Desegregation of theaters in Durham, North Carolina, United States, followed a series of protests between 1961 and 1963, as well as petitions to local government officials and eventually legal action. The protests eventually came to focus on the Carolina Theater. In March 1962, the theater's manager rejected a proposal from the local NAACP chapter to negotiate its desegregation and later refused the city council's request that it reconsider the decision. In response, the protesters began "round-robin" demonstrations. After a court order ended those demonstrations, activists took their case to the courts. Eventually, in July 1963, after mass demonstrations and support from new mayor Wense Grabarek, Durham's segregated movie theaters began to open to the public.

== Movie going and discrimination ==

=== Discrimination ===
At the beginning of the 1960s, some theaters in North Carolina only allowed white Americans, while others segregated white and black Americans by assigning them into different sections in the theater. In certain theaters, owners and managers differentiated tickets with stamps or hired ushers in order to guarantee that black Americans be seated only in top balconies, called “Buzzard’s Roosts”. In other cases, black Americans were forced to enter from a separate entrance or be restricted to late showings called 'midnight rambles'.

To take advantage of a new prosperous section of the Black population, entrepreneur Frederick King Watkins opened a number of black-only theaters. These seldom screened the latest Hollywood films, and often alternated films with all-black casts with western films.

=== Segregation on Public Lands ===
A court ruling in Greensboro, North Carolina, concerning a privately owned golf course operating on leased public property upheld that African Americans had a right to be on public lands despite ownership. The verdict was that segregation could not be maintained indirectly: the golf course remained public property despite the business being privately owned.

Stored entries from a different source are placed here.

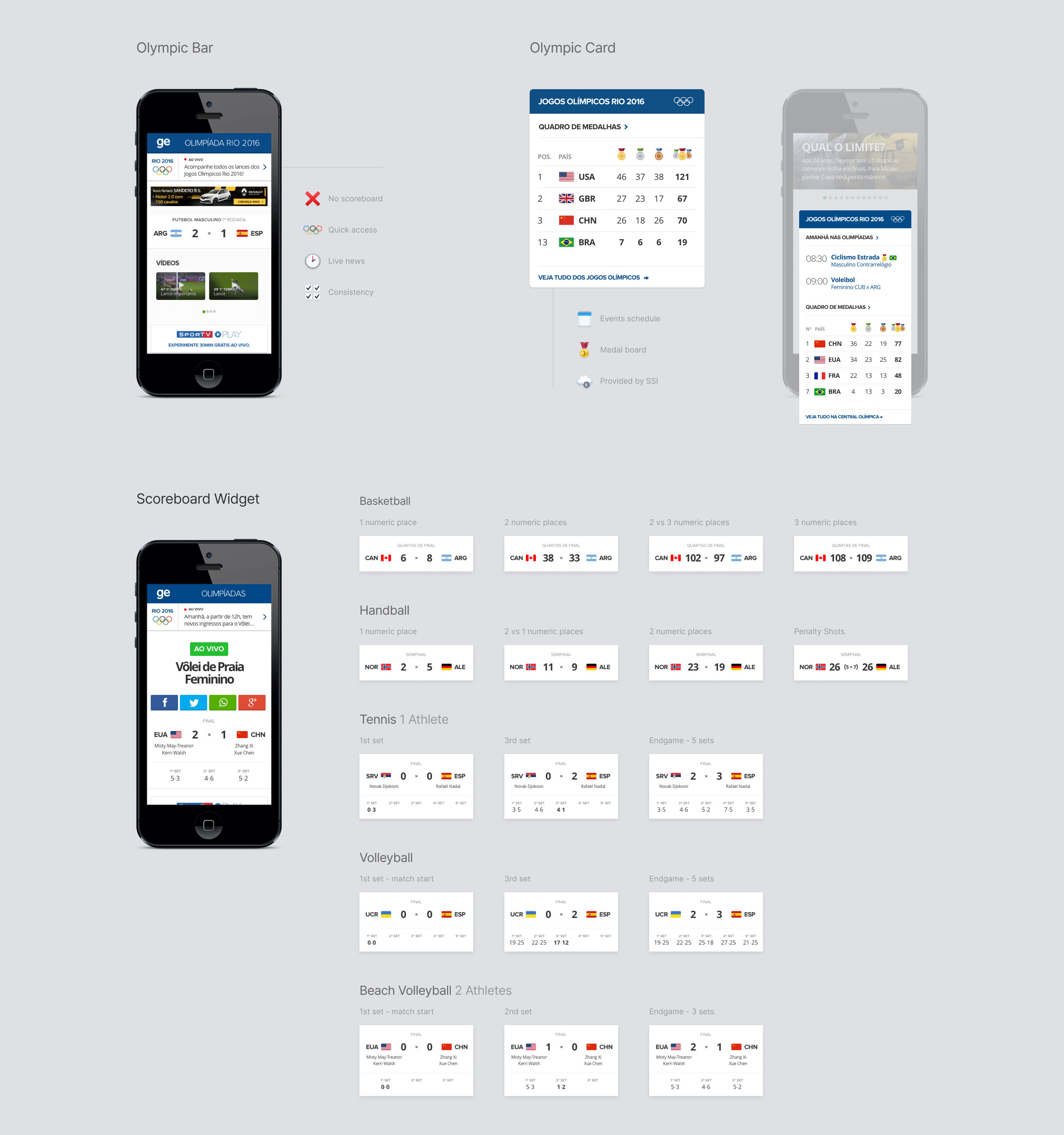 After that validation, I worked on the different coverage scenarios for the Olympic Card. Since the Games had a very clear schedule, we could implement all those versions and set them for automatic displaying. A nice detail: every event with a Brazilian athlete participating there was the Brazilian flag next to the event name.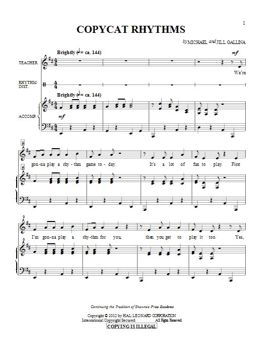 Download or print Jill Gallina Copy Cat Rhythms sheet music, chords and digital score arranged for Choir. This Concert score includes 7 page(s).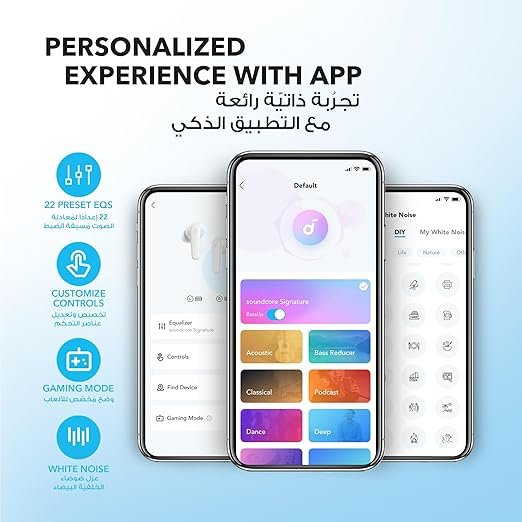 Fine-tune your audio experience via the Soundcore app, with 22 preset EQ modes to match your mood and music genre.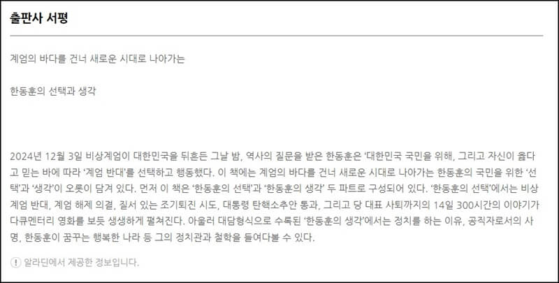 이 책에는 대한민국을 위해 그리고 자신이 옳다고 믿는 바에 따라 계엄 반대, 계엄 해제 의결, 질서 있는 조기퇴진 시도, 대통령 탄핵소추안 통과 그리고 당 대표 사퇴까지의 14일 300시간의 이야기가 담겨있어 흡사 다큐멘터리 영화를 보는 듯 펼쳐진다고 해요.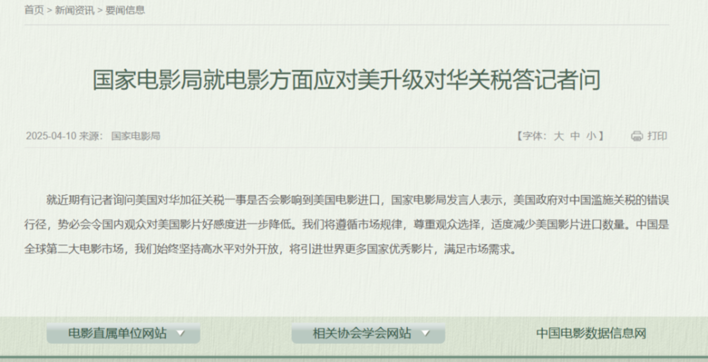 4月10日晚间,国家电影局官方网站发布了一则名为《国家电影局就电影方面应对美升级对华关税答记者问》的消息:“美国政府对中国滥施关税的错误行径,势必会令国内观众对美国影片好感度进一步降低。我们将遵循市场规律,尊重观众选择,适度减少美国影片进口数量。” 并表示会增加更多国家优秀影片的引进。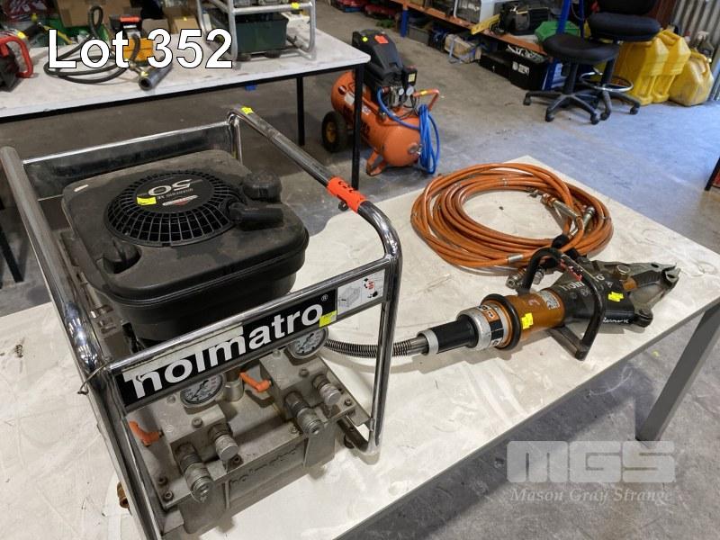HYDRAULIC RESCUE TOOL, JAWS OF LIFE COMBINATION, CUTTER/SPREADER, HOLMATRO MOD: CU3031 WITH HOSES & CONNECTORS, HYDRAULIC POWER PACK, HOLMATRO MOD: DPU40P DOM: 2006 POWERED BY BRIGGS & STRATTON QUANTUM XE50 PETROL ENGINE TWIN OUTLETS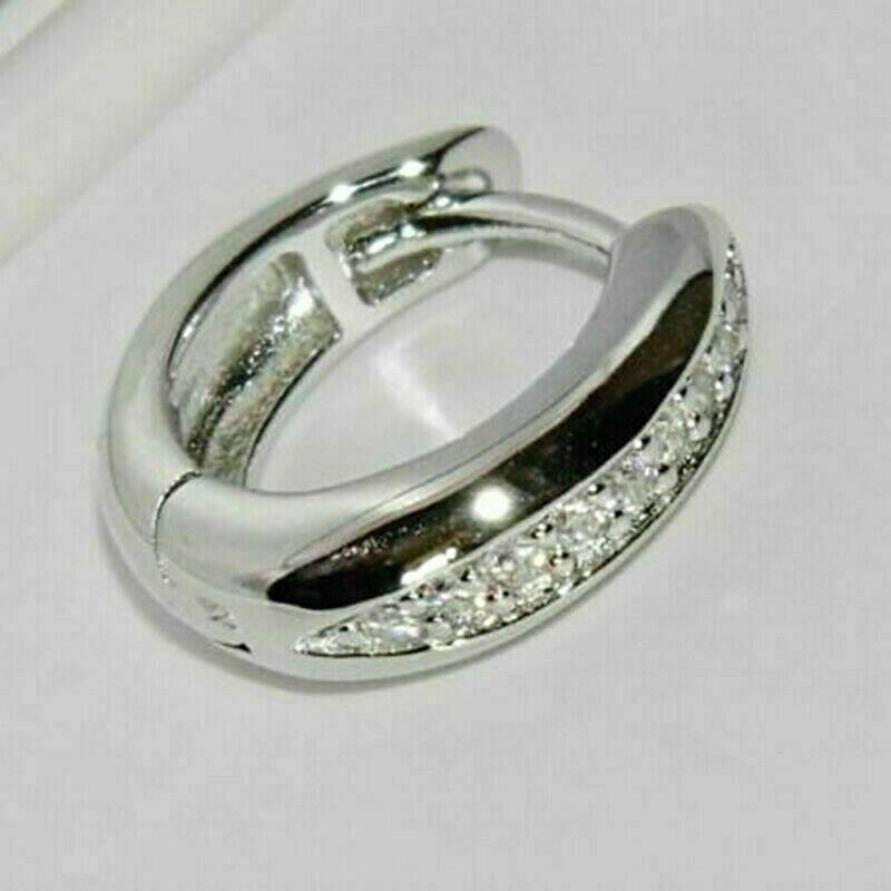 - Men's 10k White Gold Finish Huggie Hoop Single Earring 0.25 Ct Simulated Diamond

The Carolina Theater, established in 1926, was in 1961 privately owned by Charles Abercrombie, but the building, the Durham Auditorium, was leased for $10,000 a year. The similarities between the two situations provided a legal base upon which protestation against the desegregation of the municipally owned Carolina theaters rested.

=== Petitions and Mass Movements ===
On November 2, 1960 the Carolina Theater case was brought before the City Council. The NAACP petitioned for the integration of the Carolina Theater, among many other racial reforms. The City Council relegated the petition to the Mayor’s Human Resource Committee.

In January 1961, the NAACP issued a letter voicing its complaint about the segregation in theaters to the committee on Human Relations, City manager George Aull, and manager of the Carolina Theater Milo Crawford. In the letter, protestors stated their discontent with the “illegal” and “morally unjustified” policies of the theater. The NAACP acquired the signatures of students from nine different high schools and colleges: Duke University, North Carolina College, Durham High School, Henderson of Hills High School, Merrick-Moore High School, Whitted Junior High School, Deshazor’s Beauty College, Bull City Barber College, and Durham Business College.

On January 21, in front of the Center and Carolina Theaters, faculty and students from the all-black North Carolina College and Duke University joined together to stage a protest. They locked arms to block the entrance to the theater, forcing their way into the entrance, and staging sit-ins.

The new manager of the Carolina Theater, Charles Abercrombie, was persistent in his refusal to discuss the segregation issue, stating that “the question of whether or not to desegregate had been accepted by the Commission as a foregone conclusion”.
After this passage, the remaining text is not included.